_Your goal_. How many lines in the data below include the word "that"? State the number alone.

_Provided entries_.
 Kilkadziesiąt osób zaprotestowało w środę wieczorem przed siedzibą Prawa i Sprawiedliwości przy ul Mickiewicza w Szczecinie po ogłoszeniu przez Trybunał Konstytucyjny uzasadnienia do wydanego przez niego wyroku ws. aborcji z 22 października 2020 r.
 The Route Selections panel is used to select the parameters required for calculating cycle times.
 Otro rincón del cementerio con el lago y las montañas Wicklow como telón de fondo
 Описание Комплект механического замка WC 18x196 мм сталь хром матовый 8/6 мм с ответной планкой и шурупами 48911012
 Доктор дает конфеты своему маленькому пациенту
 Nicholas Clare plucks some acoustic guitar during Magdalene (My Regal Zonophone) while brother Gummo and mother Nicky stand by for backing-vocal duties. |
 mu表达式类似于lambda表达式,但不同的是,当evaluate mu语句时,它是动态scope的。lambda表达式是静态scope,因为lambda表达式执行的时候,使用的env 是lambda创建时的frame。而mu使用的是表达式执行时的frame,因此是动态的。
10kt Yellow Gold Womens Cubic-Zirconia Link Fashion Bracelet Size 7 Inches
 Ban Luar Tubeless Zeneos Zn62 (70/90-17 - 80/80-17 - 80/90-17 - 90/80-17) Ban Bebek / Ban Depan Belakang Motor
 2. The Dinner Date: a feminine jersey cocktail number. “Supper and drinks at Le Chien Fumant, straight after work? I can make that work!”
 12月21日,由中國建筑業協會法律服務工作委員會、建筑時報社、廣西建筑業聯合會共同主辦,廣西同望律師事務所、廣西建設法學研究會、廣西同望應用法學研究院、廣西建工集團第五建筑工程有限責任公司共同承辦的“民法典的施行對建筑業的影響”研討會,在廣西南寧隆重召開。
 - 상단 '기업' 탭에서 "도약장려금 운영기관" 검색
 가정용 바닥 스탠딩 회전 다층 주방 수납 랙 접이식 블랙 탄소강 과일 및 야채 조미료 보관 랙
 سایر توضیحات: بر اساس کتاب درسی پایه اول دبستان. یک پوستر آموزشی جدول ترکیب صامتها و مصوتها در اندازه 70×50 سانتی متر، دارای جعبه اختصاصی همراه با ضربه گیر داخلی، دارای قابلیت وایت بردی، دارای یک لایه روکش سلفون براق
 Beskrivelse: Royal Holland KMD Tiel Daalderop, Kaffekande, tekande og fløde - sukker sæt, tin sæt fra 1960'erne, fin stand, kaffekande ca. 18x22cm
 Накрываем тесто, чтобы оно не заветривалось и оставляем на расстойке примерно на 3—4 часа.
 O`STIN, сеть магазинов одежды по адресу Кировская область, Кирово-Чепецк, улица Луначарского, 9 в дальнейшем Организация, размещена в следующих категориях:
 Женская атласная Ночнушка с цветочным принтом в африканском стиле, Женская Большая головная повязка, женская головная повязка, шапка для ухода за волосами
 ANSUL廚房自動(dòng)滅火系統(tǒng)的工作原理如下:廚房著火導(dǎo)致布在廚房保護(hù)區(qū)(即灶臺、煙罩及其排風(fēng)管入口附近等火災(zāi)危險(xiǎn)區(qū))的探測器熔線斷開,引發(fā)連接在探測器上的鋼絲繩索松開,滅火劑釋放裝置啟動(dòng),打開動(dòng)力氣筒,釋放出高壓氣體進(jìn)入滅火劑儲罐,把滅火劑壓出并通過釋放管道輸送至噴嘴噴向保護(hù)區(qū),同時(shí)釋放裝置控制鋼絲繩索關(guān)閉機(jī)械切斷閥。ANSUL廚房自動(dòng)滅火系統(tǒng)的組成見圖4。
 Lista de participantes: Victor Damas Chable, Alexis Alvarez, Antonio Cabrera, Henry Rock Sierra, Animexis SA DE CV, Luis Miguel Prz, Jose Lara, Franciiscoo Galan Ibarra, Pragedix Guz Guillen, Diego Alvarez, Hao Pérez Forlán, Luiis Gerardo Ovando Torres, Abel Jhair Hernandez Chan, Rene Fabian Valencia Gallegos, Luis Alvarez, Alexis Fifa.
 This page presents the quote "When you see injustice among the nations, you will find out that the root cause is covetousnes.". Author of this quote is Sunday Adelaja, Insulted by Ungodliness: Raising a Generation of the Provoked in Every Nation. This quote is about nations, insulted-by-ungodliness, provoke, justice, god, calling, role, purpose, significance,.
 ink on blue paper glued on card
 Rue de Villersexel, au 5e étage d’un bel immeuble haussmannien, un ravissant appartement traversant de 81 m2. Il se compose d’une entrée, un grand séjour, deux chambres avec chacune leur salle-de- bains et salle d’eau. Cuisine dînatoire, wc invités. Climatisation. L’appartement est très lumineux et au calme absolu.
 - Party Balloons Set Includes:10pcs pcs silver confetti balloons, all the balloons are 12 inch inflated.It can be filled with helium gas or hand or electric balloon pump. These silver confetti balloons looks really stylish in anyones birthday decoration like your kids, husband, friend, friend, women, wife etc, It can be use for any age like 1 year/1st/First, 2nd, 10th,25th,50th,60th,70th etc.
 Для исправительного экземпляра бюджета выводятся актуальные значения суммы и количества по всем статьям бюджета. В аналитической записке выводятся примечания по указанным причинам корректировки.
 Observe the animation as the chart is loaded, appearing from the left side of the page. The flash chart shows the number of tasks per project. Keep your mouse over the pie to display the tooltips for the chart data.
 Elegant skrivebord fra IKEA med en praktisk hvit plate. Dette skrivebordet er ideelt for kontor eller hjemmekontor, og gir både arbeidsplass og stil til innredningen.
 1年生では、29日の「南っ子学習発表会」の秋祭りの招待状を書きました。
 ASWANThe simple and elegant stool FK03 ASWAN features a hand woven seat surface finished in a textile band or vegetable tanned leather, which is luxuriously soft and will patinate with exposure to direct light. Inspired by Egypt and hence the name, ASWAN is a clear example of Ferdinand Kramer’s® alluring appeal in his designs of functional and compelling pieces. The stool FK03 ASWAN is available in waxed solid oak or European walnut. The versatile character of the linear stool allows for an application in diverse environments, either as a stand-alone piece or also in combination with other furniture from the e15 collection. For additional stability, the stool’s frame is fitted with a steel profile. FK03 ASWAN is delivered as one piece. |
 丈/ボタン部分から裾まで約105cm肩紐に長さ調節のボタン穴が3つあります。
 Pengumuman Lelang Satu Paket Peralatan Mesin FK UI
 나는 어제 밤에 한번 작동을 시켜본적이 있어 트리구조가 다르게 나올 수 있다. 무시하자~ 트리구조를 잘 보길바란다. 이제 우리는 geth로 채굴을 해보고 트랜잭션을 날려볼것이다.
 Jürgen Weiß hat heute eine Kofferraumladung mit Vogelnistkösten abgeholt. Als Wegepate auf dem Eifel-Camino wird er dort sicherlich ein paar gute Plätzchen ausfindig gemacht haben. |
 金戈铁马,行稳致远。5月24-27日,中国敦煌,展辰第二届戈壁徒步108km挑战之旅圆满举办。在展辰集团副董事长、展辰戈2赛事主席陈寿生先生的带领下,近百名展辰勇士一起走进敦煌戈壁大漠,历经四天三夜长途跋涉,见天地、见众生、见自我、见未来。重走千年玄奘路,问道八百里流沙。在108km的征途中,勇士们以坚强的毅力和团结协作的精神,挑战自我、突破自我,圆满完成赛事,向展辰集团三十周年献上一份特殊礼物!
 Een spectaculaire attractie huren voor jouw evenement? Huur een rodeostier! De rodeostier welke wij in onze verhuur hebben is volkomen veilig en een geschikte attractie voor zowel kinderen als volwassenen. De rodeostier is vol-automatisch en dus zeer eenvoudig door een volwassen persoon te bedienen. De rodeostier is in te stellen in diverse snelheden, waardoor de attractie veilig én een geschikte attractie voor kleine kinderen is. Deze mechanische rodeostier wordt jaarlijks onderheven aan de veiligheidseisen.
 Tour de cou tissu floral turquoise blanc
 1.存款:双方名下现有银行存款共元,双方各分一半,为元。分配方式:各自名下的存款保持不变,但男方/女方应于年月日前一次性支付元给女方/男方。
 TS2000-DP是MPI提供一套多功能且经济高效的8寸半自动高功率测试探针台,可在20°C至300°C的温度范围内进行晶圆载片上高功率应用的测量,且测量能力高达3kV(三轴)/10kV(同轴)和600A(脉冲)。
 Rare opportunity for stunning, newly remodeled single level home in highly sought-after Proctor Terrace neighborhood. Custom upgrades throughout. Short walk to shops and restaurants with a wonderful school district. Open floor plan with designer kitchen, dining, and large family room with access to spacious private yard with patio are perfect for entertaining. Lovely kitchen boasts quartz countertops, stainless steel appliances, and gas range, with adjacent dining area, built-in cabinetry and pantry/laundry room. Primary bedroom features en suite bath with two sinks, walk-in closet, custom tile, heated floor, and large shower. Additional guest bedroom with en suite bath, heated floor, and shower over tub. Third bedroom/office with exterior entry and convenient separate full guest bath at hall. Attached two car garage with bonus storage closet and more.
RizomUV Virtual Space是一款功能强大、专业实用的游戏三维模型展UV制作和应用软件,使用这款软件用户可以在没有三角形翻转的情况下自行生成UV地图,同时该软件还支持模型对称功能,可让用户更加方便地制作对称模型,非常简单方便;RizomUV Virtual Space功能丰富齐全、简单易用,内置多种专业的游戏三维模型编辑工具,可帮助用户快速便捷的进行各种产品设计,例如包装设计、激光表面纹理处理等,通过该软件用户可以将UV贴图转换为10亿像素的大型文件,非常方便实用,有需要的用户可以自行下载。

_Solved problem_. 2